The incident passed, but Jessica had a similar experience later that week and was admitted to the hospital. In December, following yet another episode, during which she could not lift one of her arms, she came under the care of Matthew Flaherty, MD, Assistant Professor of Neurology at UC and a member of The Neuroscience Institute. After ordering several tests, including conventional cerebral angiography, Dr. Flaherty made the diagnosis of moyamoya disease. He then referred Jessica to Dr. Zuccarello for surgery.
Prior to surgery, Jessica's mother, Mary, knew that her daughter wasn't herself. She seemed listless and less responsive than usual. "She let the bath water run without turning it off," Mary recalls. "It happened twice. I said, ‘Do you see what's happening?' "
The treatment for moyamoya, which is not widely offered, involves surgically bypassing the blocked arteries. In the most delicate and technically challenging bypass procedure, called an extracranial-intracranial bypass, Dr. Zuccarello connects the superficial temporal artery from the scalp outside the skull to the middle cerebral artery inside the skull.

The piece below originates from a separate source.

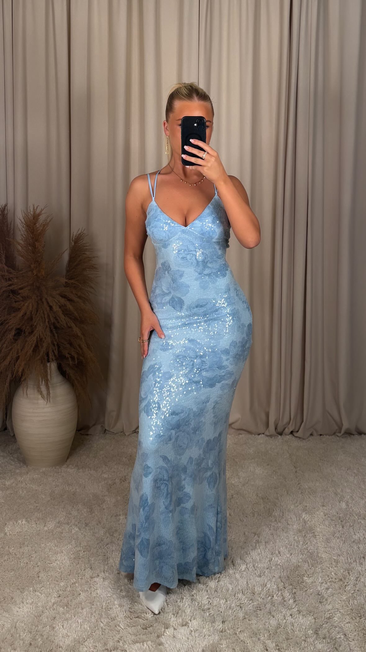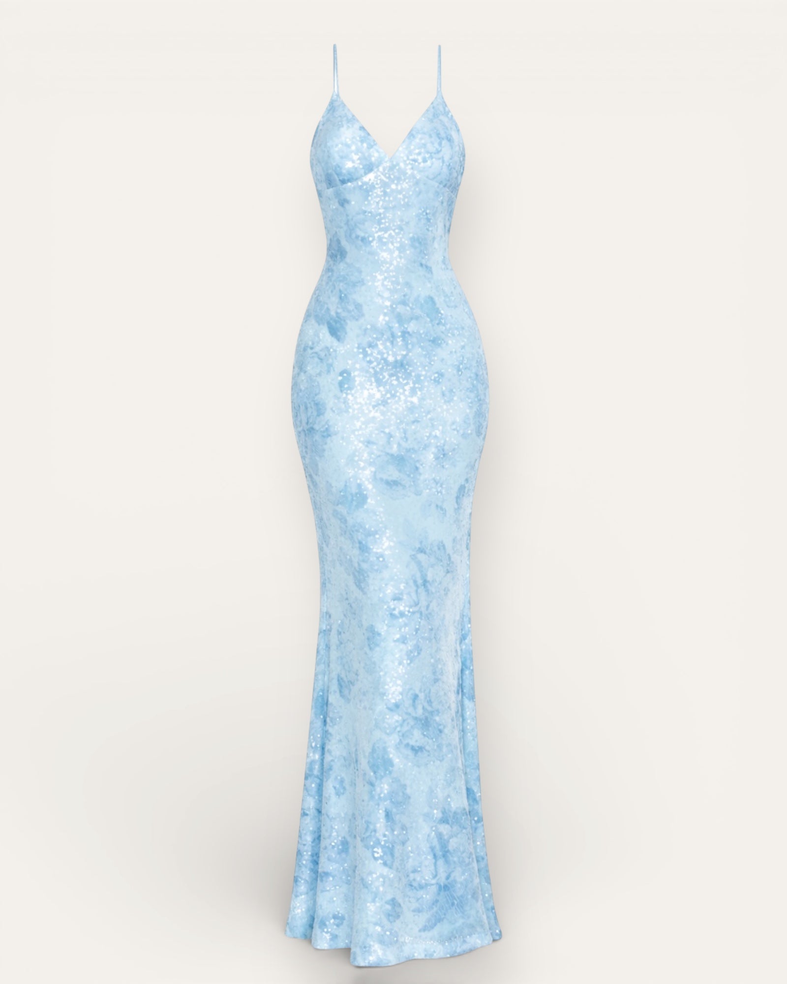 A beautiful maxi dress with sparkling sequins and a soft floral pattern. The fitted cut beautifully shapes the body and the V-neckline with narrow sleeves gives an elegant look.

For Mary, sitting anxiously in the waiting room, the procedure seemed endless. But for Jessica, it was remarkably routine. The six-hour operation took place on a Thursday, and Jessica went home the next day.
“Having surgery wasn't as scary as having a stroke,” she says.
Hope Story Disclaimer - "Jess's Story" is about one patient's health-care experience. Please bear in mind that because every patient is unique, individual patients may respond to treatment in different ways. Results are influenced by many factors and may vary from patient to patient.